Al this information or snapshots will be stored in FsImage and if any transaction is done then the edit log merges the new information and always keeps a fresh copy of the logs.
The block which finishes the task first will be taken and the Data Node sends information to the Name Node and the Name Node will take the action accordingly.
In this whole process, YARN will support and provide required resources to the system, so that it won’t affect data processing and the speed. After processing the data the results will be saved in HDFS for further analysis.
In this tutorial, we learned what is Hadoop, the differences between RDBMS and Hadoop, Advantages, Components, and Architecture of Hadoop.
This framework is responsible for processing big data and analyzing it. We saw MapReduce, YARN, and HDFS working in the cluster.
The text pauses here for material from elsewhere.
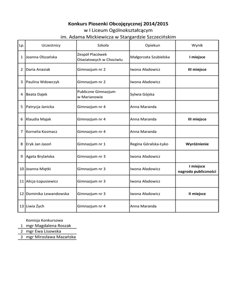 Konkurs Piosenki Obcojęzycznej 2014/2015 w I Liceum Ogólnokształcącym im. Adama Mickiewicza w Stargardzie Szczecińskim Lp. Uczestnicy Szkoła Opiekun Wynik 1 Joanna Olszańska Zespół Placówek Oświatowych w Chociwlu Małgorzata Szubielska I miejsce 2 Daria Anasiak Gimnazjum nr 2 Iwona Aładowicz III miejsce 3 Paulina Wdowczyk Gimnazjum nr 2 Iwona Aładowicz 4 Beata Dajek Publiczne Gimnazjum w Marianowie Sylwia Gójska 5 Patrycja Janicka Gimnazjum nr 4 Anna Maranda 6 Klaudia Majak Gimnazjum nr 4 Anna Maranda 7 Kornelia Kosmacz Gimnazjum nr 4 Anna Maranda 8 Eryk Jan Jasoń Gimnazjum nr 1 Regina Góralska-Łyko 9 Agata Brylańska Gimnazjum nr 3 Iwona Aładowicz 10 Joanna Miętki Gimnazjum nr 3 Iwona Aładowicz 11 Alicja Łopusiewicz Gimnazjum nr 3 Iwona Aładowicz 12 Dominika Lewandowska Gimnazjum nr 3 Iwona Aładowicz 13 Liwia Żych Gimnazjum nr 4 Anna Maranda Komisja Konkursowa 1 mgr Magdalena Roszak 2 mgr Ewa Lisowska 3 mgr Mirosława Mazańska III miejsce Wyróżnienie I miejsce nagroda publiczności II miejsce
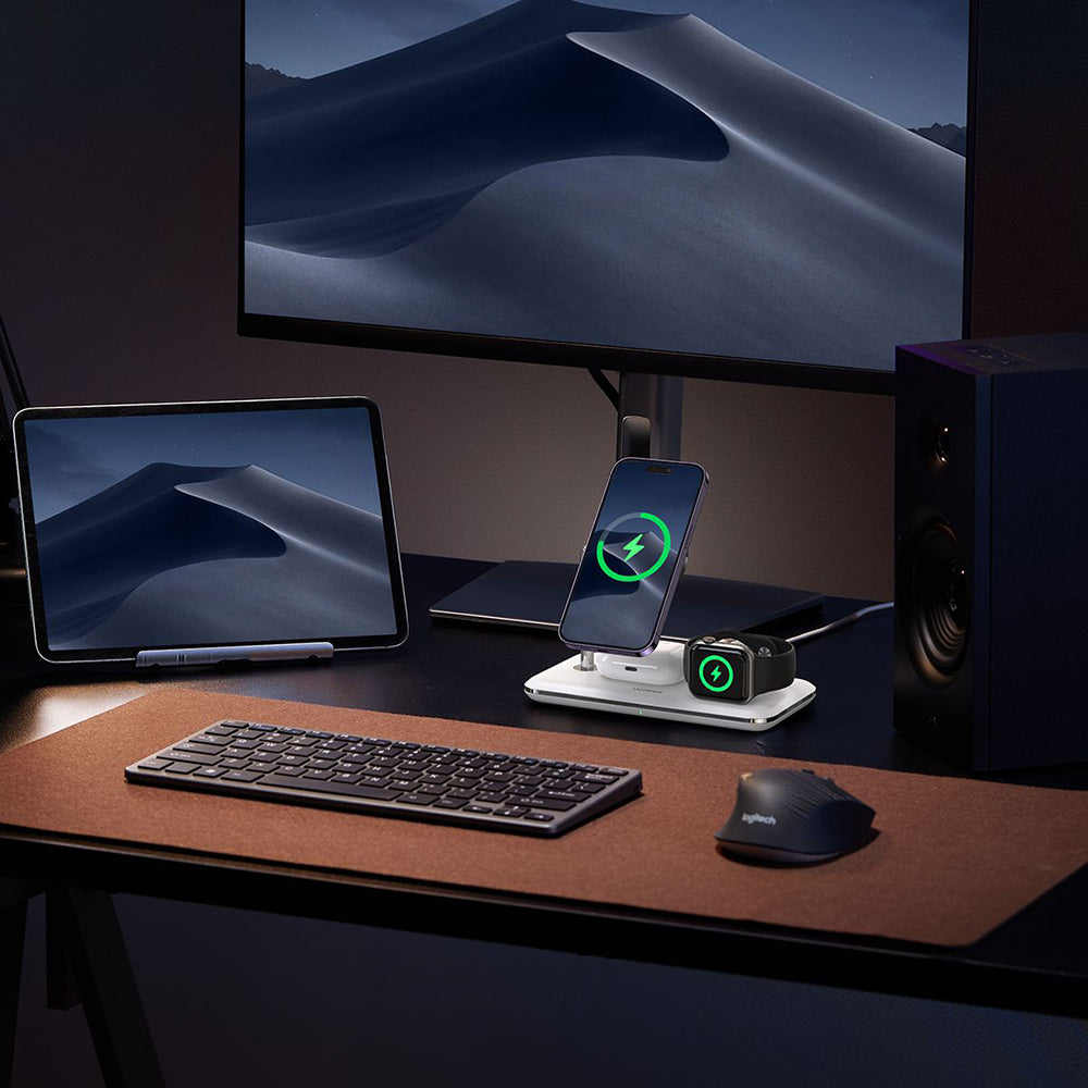 incarcare 3-in-1 care iti permite sa incarci simultan iPhone-ul, Apple Watch-ul si AirPods-urile, fara cabluri incurcate

Note: The following are the Configuration details of Name Node and Data Node. The secondary Name Node will have the same configuration as the Name Node.
Name Node Configuration:
Processors: 2 Quad Core CPUs running @ 2 GHz
RAM: 128 GB
Disk: 6 x 1TB SATA
Network: 10 Gigabit Ethernet
Data Node Configuration:
Processors: 2 Quad Core CPUs running @ 2 GHz
RAM: 64 GB
Disk: 12-24 x 1TB SATA
Network: 10 Gigabit Ethernet